I've edited this answer in light of your response. Thanks for getting back to us
with the details of your mathematical education to this point. As you can see from one
of my comments, I was a little concerned that you might have forgotten us! In any event,
my follow up is presented in the paragraph after this next one, which I'm leaving in
as part of my original answer to this question.

My original response was:

I think, if you want to get "better"answers--by which I mean answers more precisely tailored to your individual level of mathematical development, I think it would help if you edited your question (since you can't make comments until you have 50 reputation points) so as to specify exactly what you mean by "basic". It sounds to me like you have been exposed to single-variable calculus and linear algebra through maybe determinants. To offer a few hints as to what I'm fishing for here, perhaps you could tell us if you have studied: a.) infinite series; b.) partial derivatives and multiple integrals; c.) eigevalues and eigenvectors; d.) characteristic polynomials of matrices; e.) the Hamilton-Cayley theorem; f.) vector calculus--gradient, divergence and curl; g.)linear ordinary differential equations. If you do that,
I'll try to answer your question. (You can find my email address
on my user profile in case I forget to check back.) Meanwhile,
Qiaochu Yuan's answer looks fascinating to me, as does the problem
fedja pitched.

And my addenda are:

First of all, it sounds to me like you have encountered, or are about to encounter,
almost everything I mentioned in your course work.
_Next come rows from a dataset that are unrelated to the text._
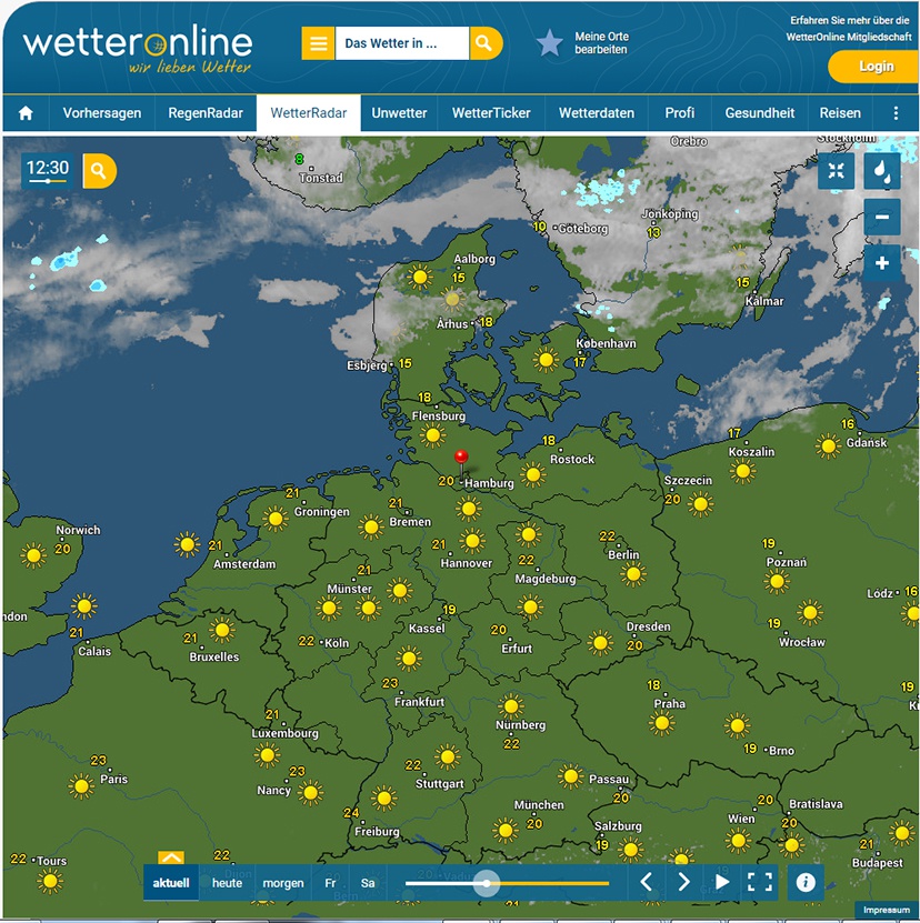 Man sehe das obigen Bild Wolkenradar auf wetter-online.de: So einen wolkenlosen Himmel über Deutschland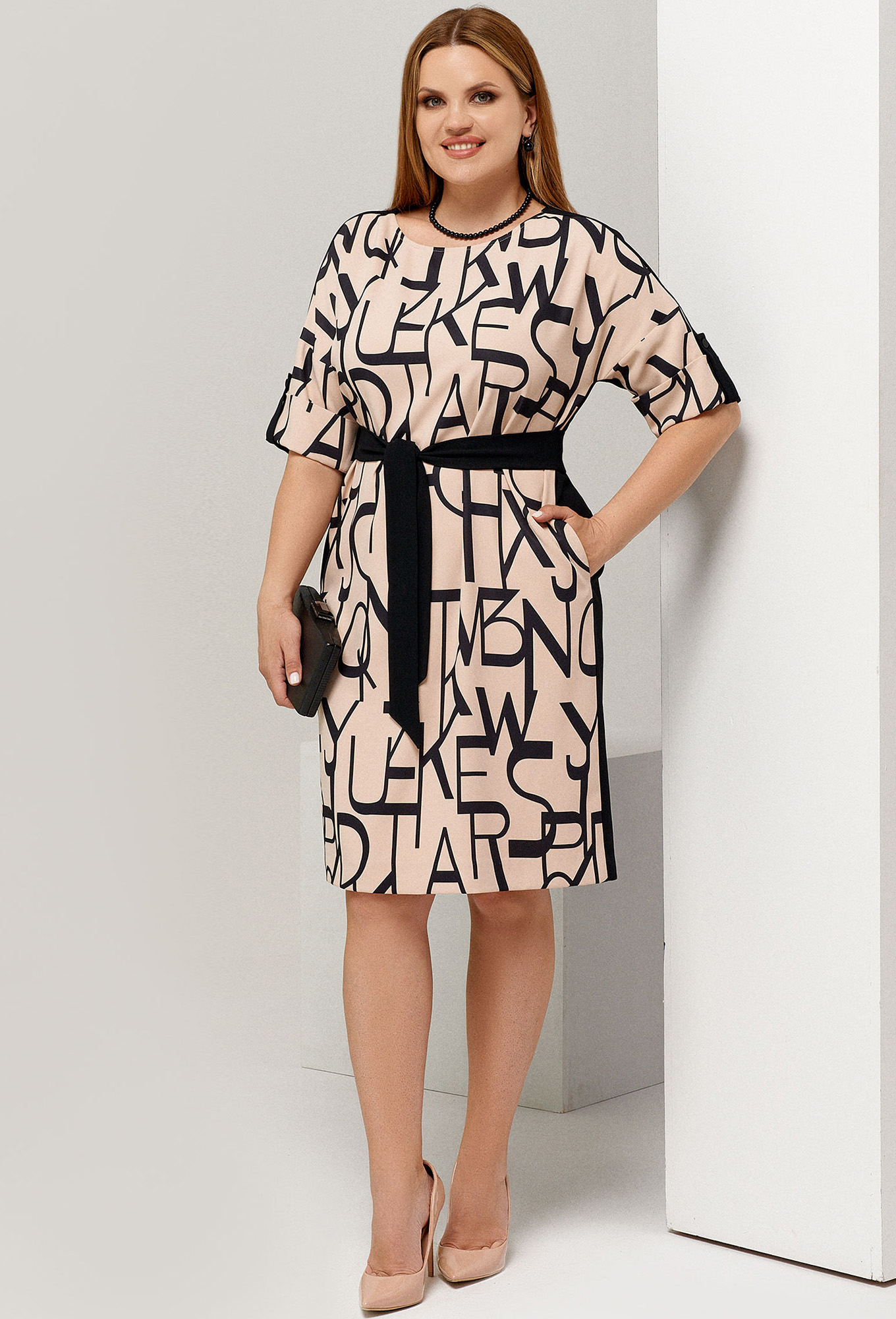 Модель: Панда 128080 черный Рост:..показать 164 см (девушка на фото ростом 170 см) Сезон: Весна-Лето Тип ткани: Полиэстер 65%, вискоза 32%, эластан 3%.Платье летнее женское. Длина платья до середины колена. Рукав 3/4, с отложной манжетой и декоративной патой. Пояс съёмный. В боковых швах карманы. Фасон платья превосходно садится по фигуре, визуально стройнит и дарит образу женственность. Сдержанная расцветка в светлых тонах и ненавязчивая черная вставка подойдут для любого повода. Оригинальность данной модели заключается в использовании принтованного полотна для пошива передней части и однотонного – для спинки. Такой эффект позволяет сделать силуэт более изящным. Свободный фасон не обтягивает фигуру, пояс из основной ткани подчеркивает талию, визуально стройнит силуэт.
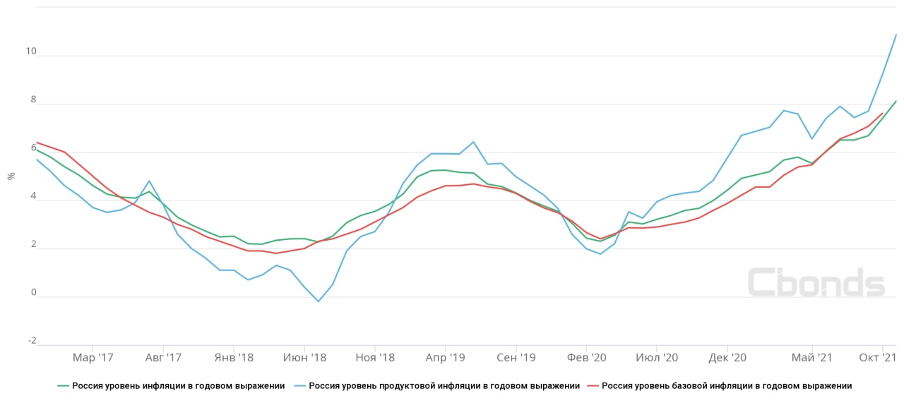 💬На данный момент значение существенно превышает уровень консенсус-прогноза Cbonds, согласно которому максимум ИПЦ по итогам 4-го квартала года – 7%, минимум – 5.5%, а среднее значение – 6.32%.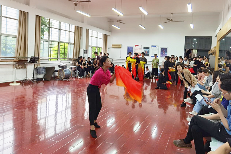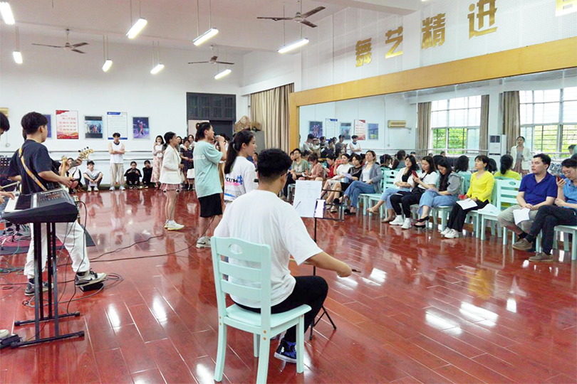 两次指导活动由支部书记熊晓辉策划,音乐系党员教师(副系主任)杨姝老师主持,全体党员教师们参加现场指导。副系主任杨姝老师就整体节目提出了修改意见,建议每个节目增强形式感和内容的情感丰富性,能用极强感染力歌颂祖国歌颂科大,展现高质量的专业水平。支部按照节目单实行“一对一”教师指导负责制:组织委员王彦桀现场指导民乐合奏《凤凰于飞》;支部副书记张然、宣传委员李佩蓉现场指导舞蹈节目《多彩中华》、党员教师张苡指导乐队节目《龙的传人》;党员教师赵琴现场指导声乐节目《红歌联唱》。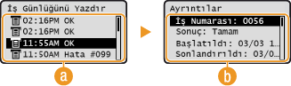 tuşuna basın.![]() <İş Günlüğünü Yazdır>Yazdırılan belgelerin listesini görüntüler. Bir belge başarıyla yazdırıldığında <Tamam> görüntülenir ve bir belge iptal edildiği veya hata oluştuğu için belge yazdırılamadığında <Hata> görüntülenir.

Let's see, you've had a full
year of calculus, if I understand you, and you are in the first half of your second year.
So if your courses are anything like mine were, you have probably seen items (a.) and (b.)
on my list--you are probably just getting into partial derivatives etc. right about now.
I would guess you've scratched the surface of item (f.), and probably have been exposed
to eigenvalues and eigenvectors (item (c.)), and perhaps the characteristic polynomial
(item (d.)). I'd bet that items (e.) and (g.) are just up the road in your course work.
That being said, I think there are a few really good books you could probably tackle
without too much difficulty. First of all, you might check out the book *Differetial
Equations, Dynamical Systems and and Introduction to Chaos* by Hirsh, Smale and Devaney.
This is an introductory text on differential equations which includes some very nice
explanations of some fairly advanced topics; it should be pretty accessible to a person
with your background. If you are interested in abstract algebra, you might have a
look at Emil Artin's little book called *Galois Theory*; it covers some central material
on groups and fields, right from the ground up. Incidentally, Smale, Hirsh and Devaney
explains most of the linear algebra needed as you go along, so anything you haven't seen
will be covered. If you like topology, and are ready for a challenge, you might look
into John Milnor's *Topology from the Differentiale Viewpoint*. Finally, Barrett O'Neill's
*Elementary Differential Geometry* covers the basics of this field, and as I recall
only requires knowledge of calculus at your level, plus some linear algebra. All these
books are good introductions to topics of great interest to many mathematicians at the
present time.

Don't forget to try the problems--math is like music; you've got to practice.

Good luck with it! Let us know how it goes!